1. What AoA technique did you use?
2. The '#3- Need to find TX0 position to rebuild the MIMO spectrum in the correct order' part is not well understood. Can you tell me how? Or can you share some reference material?

Thanks in advance for your answer.

[jrebut]

Hi,

1- We used cross correlation with a calibration matrix to recover both azimuth and elevation angle. It stores the MIMO spectrum for each azimuth/elevation angle --> CalibrationTable.npy

2- All the Rx and Tx emit and received at the same time. So, in order to build each Rx/Tx virtual antenna, we apply a phase shift on the Tx signal, the phase shift because a DOppler shift after the 2nd FFT. Therefore, if you look to a power spectrum, you will see for one objects a range R, 12 spots on the row R with different Doppler values. All these spots refer to the same object, but they have a doppler shift of 16 bin so that you can rebuild the MIMO spectrum. The first Tx0 is the spot that has another spot on its right separated by 16 bins, and another spot on its left seperated by 256-12*16

hope it helps

[shawrby]

@jrebut Thanks for the detailed reply! I have additional questions about your answer.

1) In the case of AoA, what technique did you apply? (Capon beamforming, MUSIC etc.)

2) Looking at the RD spectrum figure of the paper, is the ground truth (GT) the position of Tx0? then is the 'right' you mentioned the (+)doppler axis right? ( = 'left' is (-)doppler axis)

3) In the '__build_radar_frame' function of rpl.py, Why does frame3 data come first? return np.concatenate([ frame3 ,frame0,frame1,frame2],axis=2)

4) Could you share carrier frequency(fc) and bandwidth?

Thanks again for your excellent paper and contribution.

[qqqGpe]

@jrebut @shawrby Thank you for the discussion! It's very helpful. But, I also have the same questions as @shawrby.

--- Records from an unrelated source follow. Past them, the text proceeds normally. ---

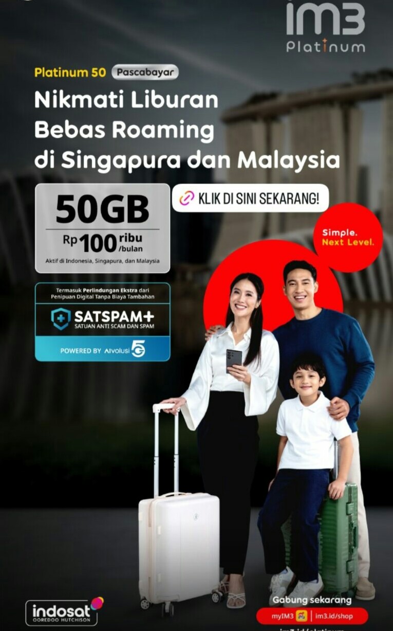Makassar,14 November 2025,redaksimedia.com-Indosat Ooredoo Hutchison melalui brand IM3 kembali menghadirkan inovasi bagi pelanggan yang gemar bepergian ke luar negeri. Dalam poster resmi yang dirilis, IM3 memperkenalkan Platinum 50, paket pascabayar terbaru yang menawarkan 50GB hanya Rp100 ribu per bulan, lengkap dengan fitur bebas roaming di Singapura dan Malaysia.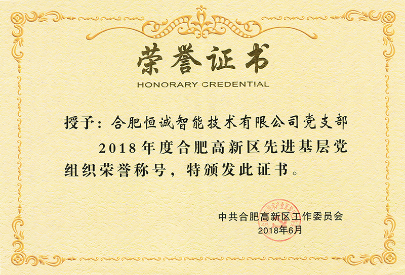 恒誠智能黨支部榮獲“2018年度合肥高新區(qū)先進(jìn)基層黨組織”榮譽(yù)稱號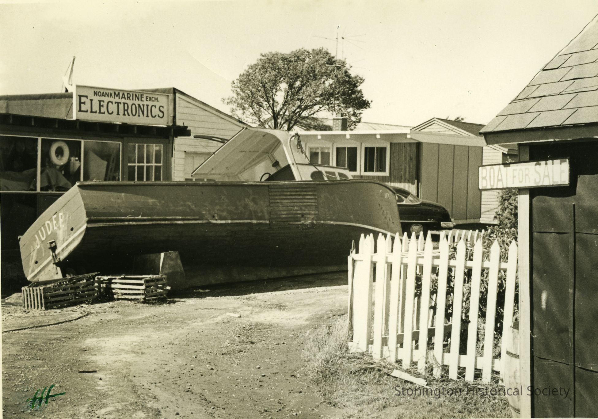 Power boat JUDEP(?) washed up in front of Noank Marine Exch. Electronics with lobster traps and picket fence; Boats for sale sign on building at rightCollection

Have you ever figured out the reason for the sequence of the frame3?

Besides, I have three more questions:

1. I notice that the received chirps of each Rx are 256 for each loop in the dataset. However, in my view, since there are only 12 Tx antennas and 16 chirps for each loop, the received chirps for each Rx should be 16 * 12 = 192. Maybe, 256 received chirps are used to determine the Tx0 Doppler bins, but I am not sure, so could you give more details, if possible?

2. In the '__get_PCL' function of rpl.py, After finding the last spots on RD spectrum, the code concatenates the Doppler bin sequences like this

       for doppler_bin in DopplerBin_candidates:
           DopplerBinSeq = np.remainder(doppler_bin + self.dividend_constant_arr, self.numChirps)
           DopplerBinSeq = np.concatenate([[DopplerBinSeq[0]],DopplerBinSeq[5:]]).astype('int')
           doppler_indexes.append(DopplerBinSeq)

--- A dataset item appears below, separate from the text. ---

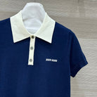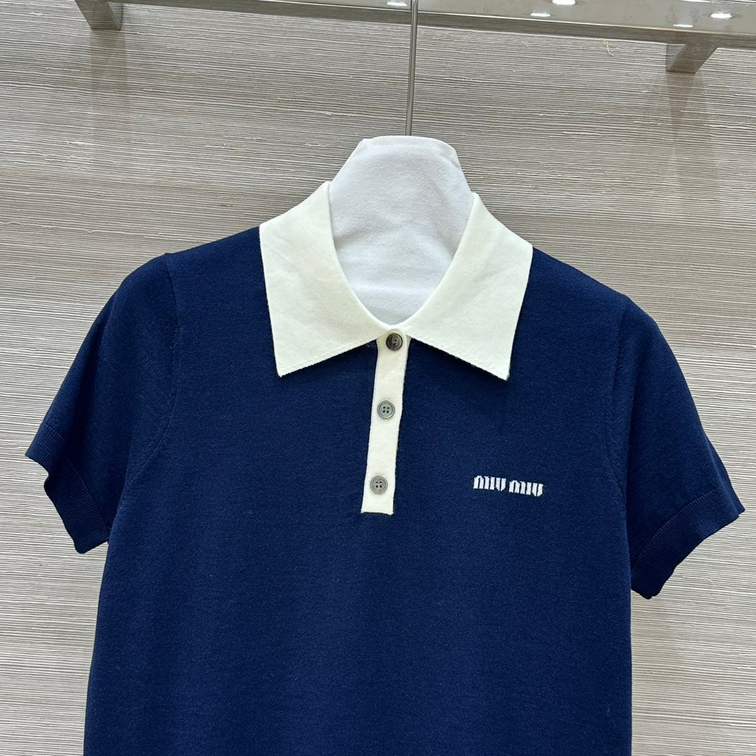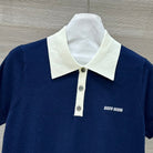 Miu Miu 25 Polo Collar Short-sleeve Knitted Top Blue Wool

   Why does the code put the last bin in the first place?

3. What does the self.window in rpl.py stands for? or what is the meaning of the self.AoA_mat['H'][0]?

Thanks in advance for the answer.

[haomingHu-dd]

Hi,

1- We used cross correlation with a calibration matrix to recover both azimuth and elevation angle. It stores the MIMO spectrum for each azimuth/elevation angle --> CalibrationTable.npy

2- All the Rx and Tx emit and received at the same time. So, in order to build each Rx/Tx virtual antenna, we apply a phase shift on the Tx signal, the phase shift because a DOppler shift after the 2nd FFT. Therefore, if you look to a power spectrum, you will see for one objects a range R, 12 spots on the row R with different Doppler values. All these spots refer to the same object, but they have a doppler shift of 16 bin so that you can rebuild the MIMO spectrum. The first Tx0 is the spot that has another spot on its right separated by 16 bins, and another spot on its left seperated by 256-12*16

hope it helps

May I ask if you are using TDMA-MIMO mode or DDMA-MIMO mode, as far as I know, only in DDMA mode all the transmitting antennas transmit signals at the same time.